You can use this description (and the fact that $B^{+}$ is not too different from $B$) to answer a lot of the sorts of questions that you're asking. For example, $L_{B/A}$ is zero, or almost perfect, or connected through some range, if and only if the algebraic cotangent complex $L^{\mathrm{alg}}_{B/A}$ has the same property.

Let me explain why the $E_\infty$-cotangent complex $L_{B/A}$ vanishes for any map $A \to B$ of perfect rings over $\mathbf{F}_p$. (I do not know the answer to the more general question at the end.)

The proof uses formal properties of the cotangent complex (Kunneth formula, transitivity triangle) and relies on the following two observations (where all tensor products are derived):

1) If $R \to S$ is map of $E_\infty$-rings with $S \otimes_R S \simeq S$ via the multiplication map, then $L_{S/R} \simeq 0$. Indeed, we always have $L_{S \otimes_R S/R} \simeq p_1^* L_{S/R} \oplus p_2^* L_{S/R}$ by the Kunneth formula. If the multiplication map is an isomorphism, then we get $L_{S/R} \oplus L_{S/R} \simeq L_{S/R}$ via the sum map, which means $L_{S/R} \simeq 0$. (This is the classical proof that the cotangent complex of an open immersion is $0$.)

2) If $R \to S$ is any map of perfect rings, then $\pi_i(S \otimes_R S) =: \mathrm{Tor}^i_R(S,S)$ vanishes for $i > 0$. See, for example, Lemma 3.16 in https://arxiv.org/abs/1507.06490.

Now say $A \to B$ is a map of perfect rings.
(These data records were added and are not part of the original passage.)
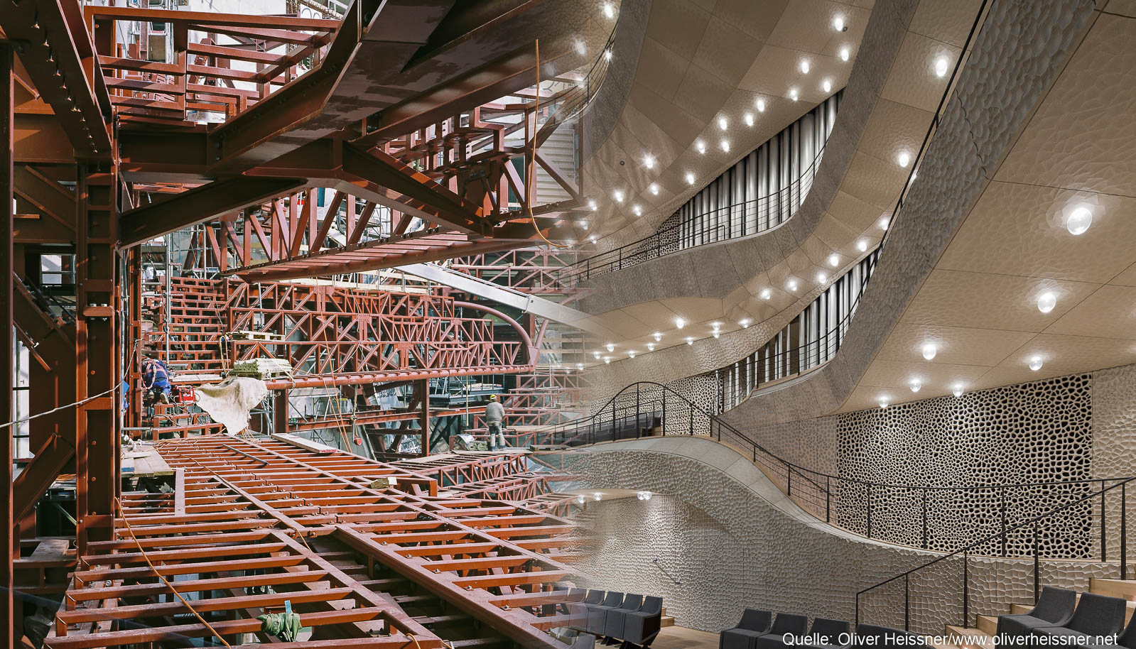 HASLINGER STAHLBAU hat mit der Stahltragkonstruktion für den Großen Konzertsaal neben dem Kleinen Konzertsaal sowie der Treppe im Foyer praktisch das Herzstück der Elbphilharmonie konstruiert, gefertigt, geliefert und montiert.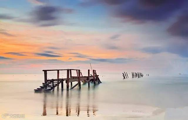 慢门最大的特点就是拍摄的画面柔和,在海水涌动不大的内海,用30s的快门速度,拍出长天一色,水面霞光交相辉映的镜面柔光效果。
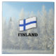 Finnische Flagge mit schneebedeckten Kiefernbäumen im Winter überlagert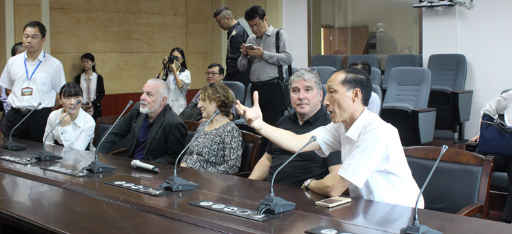 本网讯 11月17日,校长和飞会见了到访的德国富克旺根艺术大学校长Kurt Robert Mehnert、副校长Herr Fricke、富克旺根艺术大学亚洲中心主任杨林一行,双方就合作办学事宜展开友好洽谈。副校长林俊睦陪同。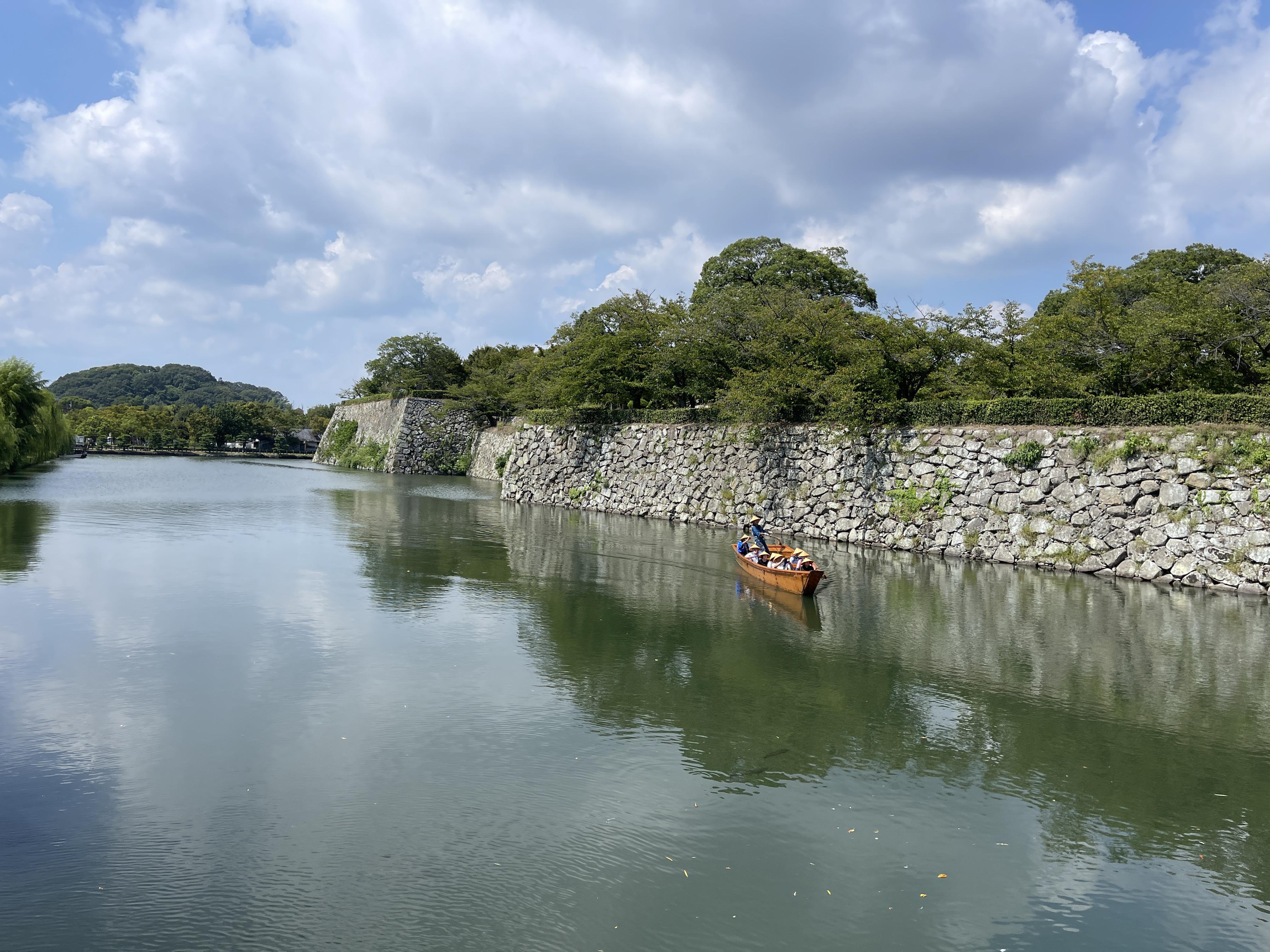 성을 둘러싼 해자를 따라 뱃놀이를 즐기는 사람들을 보니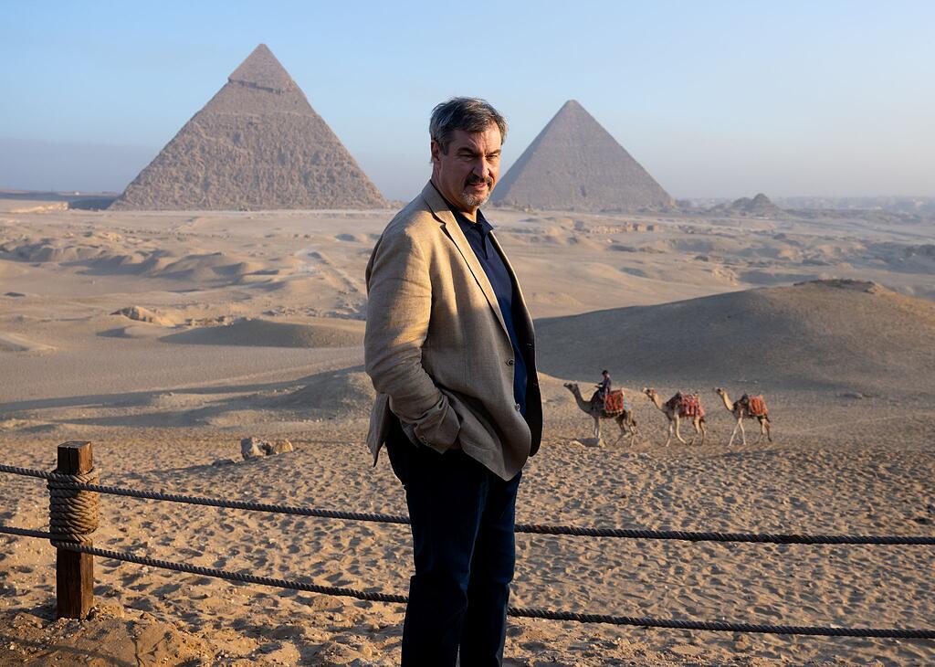 Neben viel Politik und Technologie geht es bei Söder-Reisen traditionell immer auch um Land und Leute. Nachdem er etwa in Schweden mit Schlittenhunden über den Schnee düste und in Ägypten vor den berühmten Pyramiden posierte, sind jetzt Besuchstermine beim "NASA Mission Control Center" in Houston und auf einer Cowboy-Ranch keine echten Überraschungen.

Consider the multiplication map $R := B \otimes_A B \to S := B$. Then $S \otimes_R S \simeq S$ via the multiplication map: this is clear on $\pi_0$ and thus follows from (2) as everything is perfect. Then (1) implies that $L_{B/B \otimes_A B} \simeq 0$. But the Kunneth formula and the transitivity triangle for $A \to B \otimes_A B \to B$ show that $L_{B/B \otimes_A B} \simeq L_{B/A}[1]$, and thus $L_{B/A} \simeq 0$.